Sometimes at night when you are falling asleep, your neurons misfire and you shout “koala” before going limp in my arms. Sometimes you refuse to take your second nap because of your need to say “fish fish fish fish fish fish fish” for minutes on end in the late afternoon. Sometimes you totter around your room in your space pajamas, your mussed hair making you resemble walking tumbleweed, and mutter “pop pop pop” while you look for your pop-it toys. Language, in these instances, feels almost like a muscle you exercise the same way you exercise your legs with your efforts to walk.
When you start to stick your finger up your nostril and say “no no” at 13 months, we delve into body parts. Nose then head and ear and tongue and belly. I sing “If You’re Happy and You Know It” to help you learn your body parts. And you do—clapping your hands, pointing to your nose, patting your belly, sticking out your tongue when the song instructs you to.
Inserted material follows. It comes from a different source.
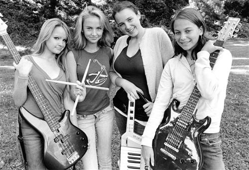 Curiously Strong gelled just three years ago at Live Oak School, but the all-girl rock band has already performed at the JCC, Great American Music Hall, and Yoshi's. They enjoy listening to everything from Jimi Hendrix to Jimmy Eat World ("as long as the song actually has a point to get across," says Clare Wlodarczyk, 14). Their repertoire ranges from the '60s hit "These Boots Are Made for Walkin'" to current faves like Fastball's "The Way." How'd they get hooked on playing? "You get an energy inside you that is so inspiring," says Brenna Stanton, 14. Thirteen-year-old singer-guitarist Alissa Goldberg adds, "I like hearing what's inside my head out of my head, so others can hear it, too." Olivia Evans, also 13, plans to play an instrument "always--like when grownups come to parties and bring their guitar or something.... Maybe I should switch from piano and drums--I don't want to be carrying them to parties!" CURIOUSLY STRONG, left to right: Clare Wlodarczyk, bass guitar, vocals; Olivia Evans, keyboard, drums, vocals; Brenna Stanton, keyboard, vocals; Alissa Goldberg, guitar, vocals.
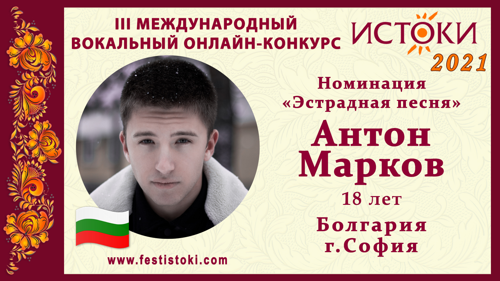 Лауреат II степени III Международного вокального онлайн-конкурса «Истоки». Номинация "Эстрадная песня". Песня "Too Close” Автор Алекс Клэр Сайт: www.festistoki.ru / www.festistoki.com E-mail: festistoki@mail.ru

It all amazes me. The pace at which you acquire language, apply meaning to it, make it your own. To bear witness to the human brain’s capacity for rapid acquisition of knowledge is a gift I’ll never tire of.
But of all the words you’ve learned so far, there is one that stops me in my tracks. It is your first two-syllable word. Your first word on the list of “Places we go when things are good” from Brene Brown’s Atlas of the Heart.
Happy.
You unlatch during nursing and say, “Happy.” You pause mid-meal to say, “Happy happy happy.” You sit down in the middle of the hallway, cock your head, gesture skywards with your palms and say, “Happy.” H is hard, so it comes out sounding a bit like Eliza Doolitle would say it, Cockney-adjacent, but happy all the same.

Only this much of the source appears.